Subqueries in SQL are basically queries written inside another query. They’re used when we need to use the result of one query as a condition or input for another. It helps break down complex logic into smaller steps and makes the main query more readable.
For example, suppose I have two tables — Employees and Departments. If I want to find all employees who earn more than the average salary in their department, I can use a subquery like this:
SELECT EmployeeName, Salary, DepartmentID
FROM Employees
WHERE Salary > (SELECT AVG(Salary)
FROM Employees
WHERE DepartmentID = Employees.DepartmentID);
Here, the inner query calculates the average salary for each department, and the outer query compares each employee’s salary against that average. So, the subquery provides dynamic data that the main query uses.
I’ve used subqueries in one of my reporting projects where we needed to identify top-performing sales reps who performed better than the average in their region. Instead of creating temporary tables or joins, a correlated subquery made it simpler and more efficient to write and maintain.

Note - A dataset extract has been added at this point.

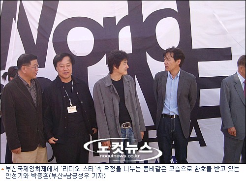 13일 오전 100만을 돌파했다는 소식이 전해질 무렵 휴먼드라마 ''라디오 스타''의 두 주인공 안성기와 박중훈은 부산국제영화제의 한 야외 행사에 김동호 집행위원장과 함께 부산 씨네필 들을 만나고 있었다.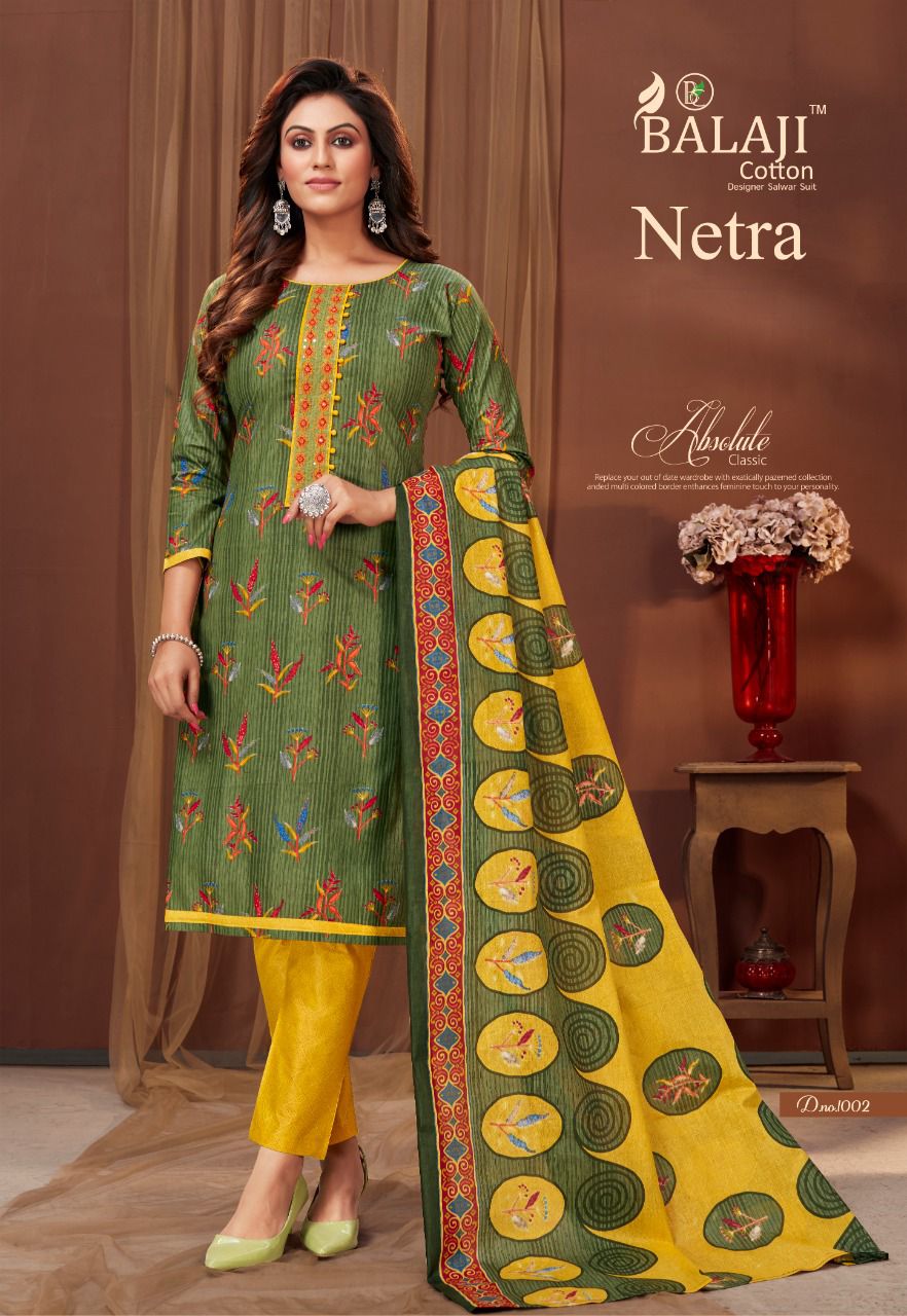 Balaji Cotton Netra Vol 1 Exclusive Collection Of Festive Wear Salwar Kameez With Embroidery

One of the challenges I faced was with performance, especially when dealing with large datasets. Correlated subqueries tend to execute the inner query multiple times, which can slow things down. In such cases, I often rewrite the query using joins or common table expressions (CTEs) for optimization.
As an alternative, when performance becomes critical, I use joins or window functions. For example, using AVG(Salary) OVER (PARTITION BY DepartmentID) can achieve the same result without repeatedly executing the inner query, making it much faster.